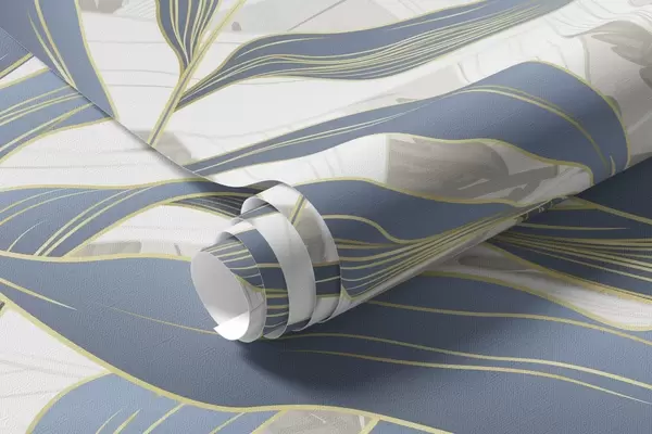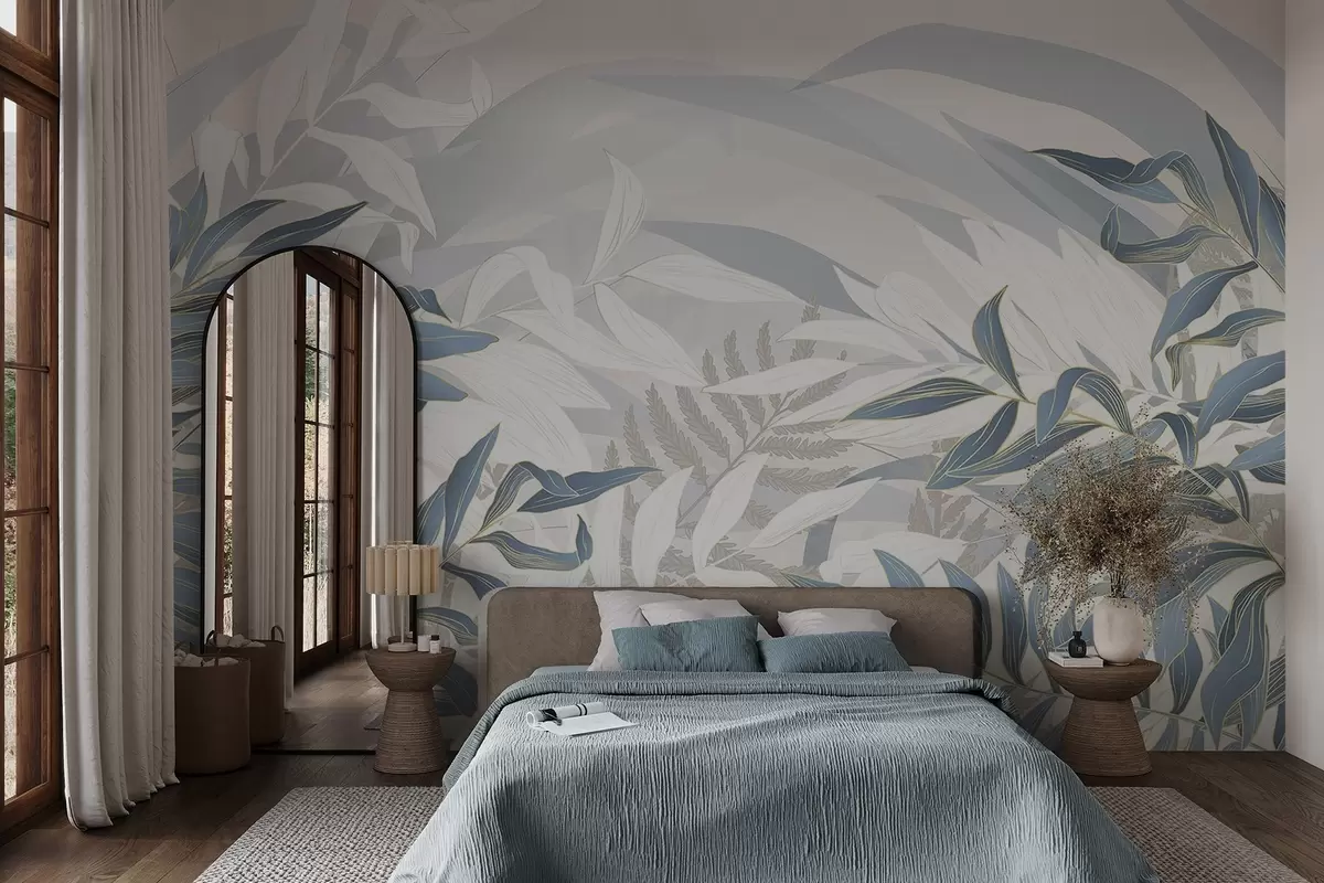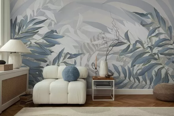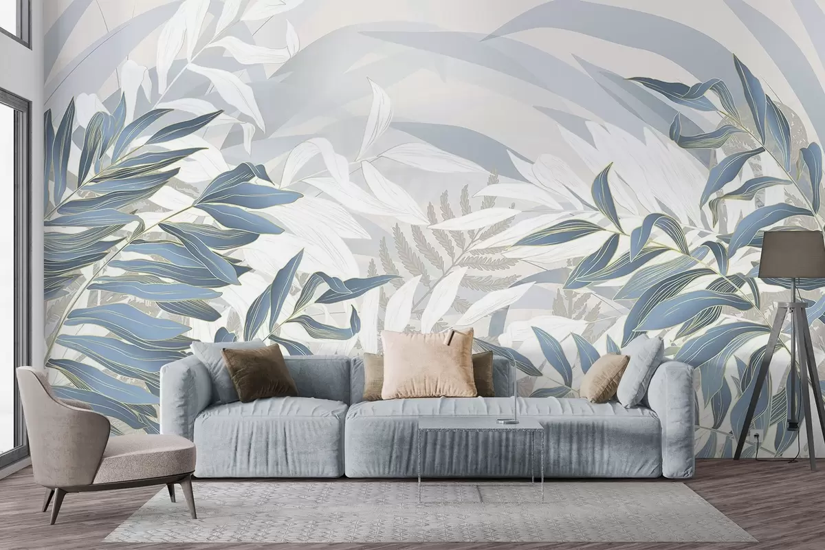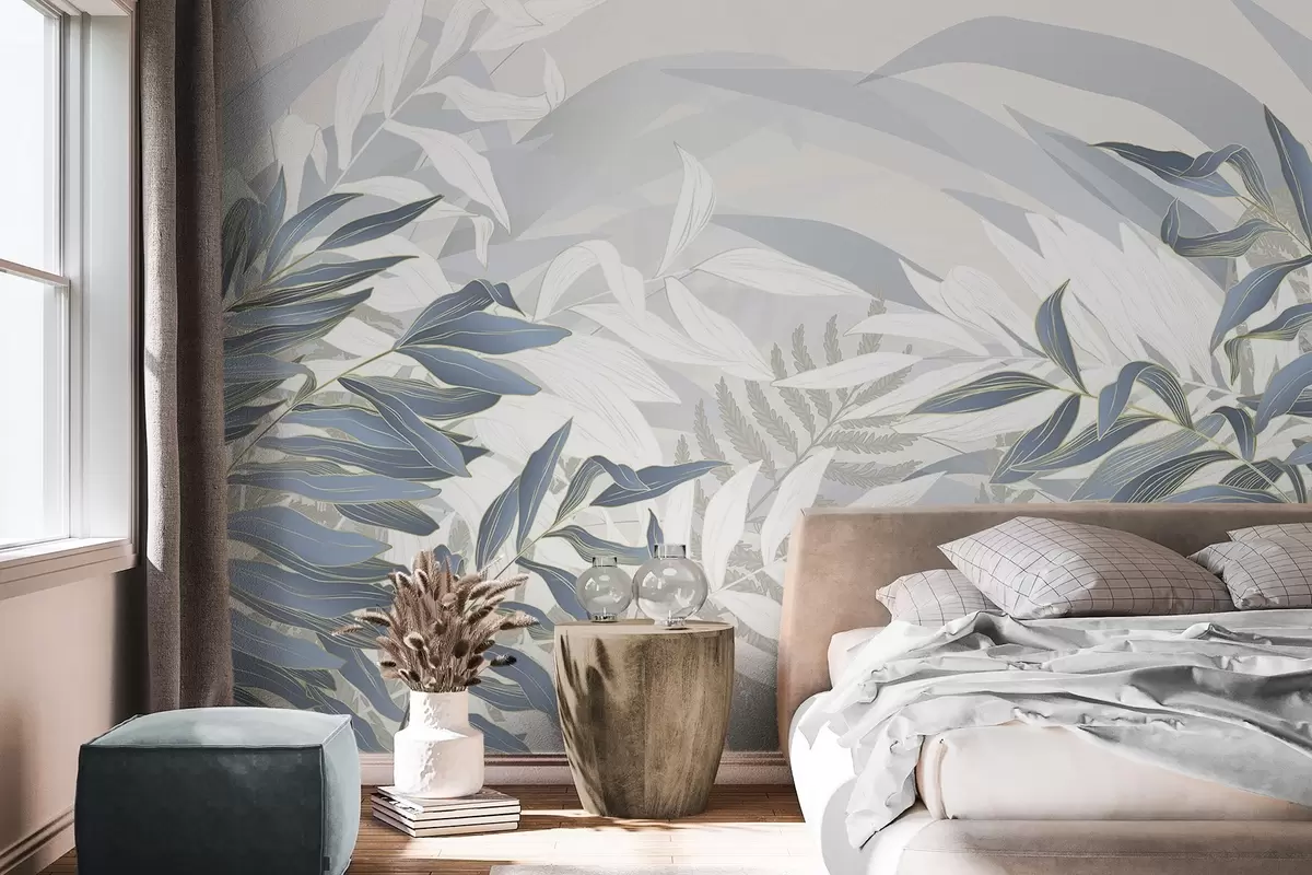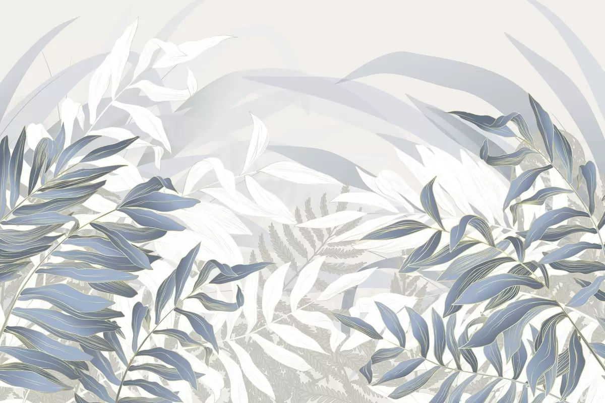 Zidne murale Plavo i bijelo lišće i trava, meke pastelne boje, botanička ilustracija, minimalistički dizajn, dekorativno, moderno br. w09341
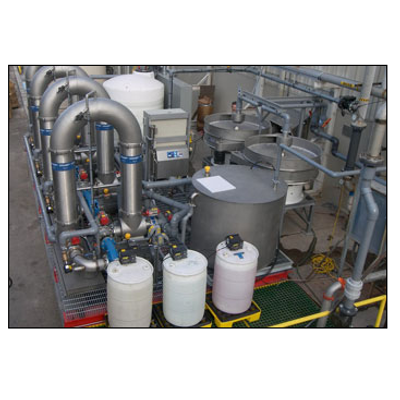 AquaTex™ Ultra use a five-stage treatment process: prefiltration, nanofiltration, advanced oxidation, ultrafiltration, and ultraviolet chamber. The reclamation process begins by first collecting the wastestream and passing it through a 10-micron vibrating shaker screen and then through 5-micron tubular backwash filters for loose particle separation. The number of additional backwash filters is dependent on the size and content of the wastestream. The filtrate then flows through an advanced proprietary oxidation reactor and then through a ceramic ultrafiltration membrane to reduce particles to less than a 0.01 micron level. The final stage is complete disinfection in a ultraviolet chamber. Treated wastewater may then be discharged, recycled or reused.
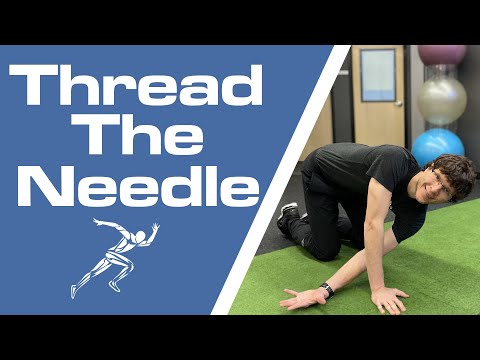 Start on all fours. Reach one arm up toward the ceiling, letting your eyes follow it, so your whole upper back rotates open. Then sweep that same arm down and through the gap between your supporting arm and your thigh, lowering your shoulder and ear to the floor. Your supporting arm should bend as the thread arm goes through.
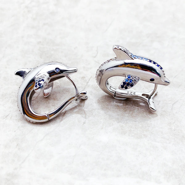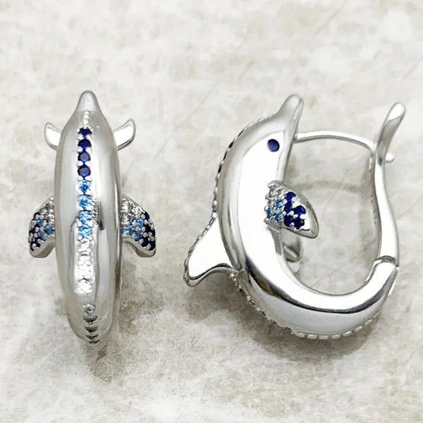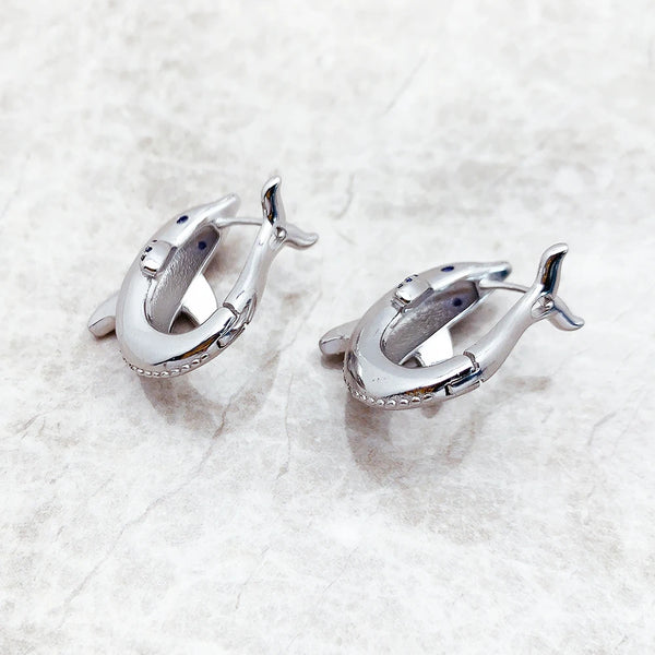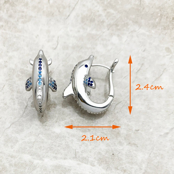 Hoop Earrings,Dolphin,Cute,Fine Jewerly,Women,Lucky,Gift,925 Sterling Silver
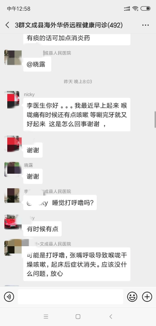 对于“问诊群”的建立,文成县人民医院医务科科长田毅表示好处多多,医院的问诊团队不仅会针对目前如何做好防疫个人防护进行知识解答,还会提供一些常见的疾病症状处置和健康知识解答,通过“线上诊疗”,使防疫个人防护措施入脑入心,尽可能减少感染风险,也适度减少侨胞们因疫情当前而产生的恐慌心理。

#### [Work required]
Wording must stay exact. Give again the lines from the line with "Hoop Earrings,Dolphin,Cute,Fine Jewerly,Women,Lucky,Gift,925" through the last line of the listing, both ends included, without pictures.

#### [Completed exercise]
 Hoop Earrings,Dolphin,Cute,Fine Jewerly,Women,Lucky,Gift,925 Sterling Silver
 对于“问诊群”的建立,文成县人民医院医务科科长田毅表示好处多多,医院的问诊团队不仅会针对目前如何做好防疫个人防护进行知识解答,还会提供一些常见的疾病症状处置和健康知识解答,通过“线上诊疗”,使防疫个人防护措施入脑入心,尽可能减少感染风险,也适度减少侨胞们因疫情当前而产生的恐慌心理。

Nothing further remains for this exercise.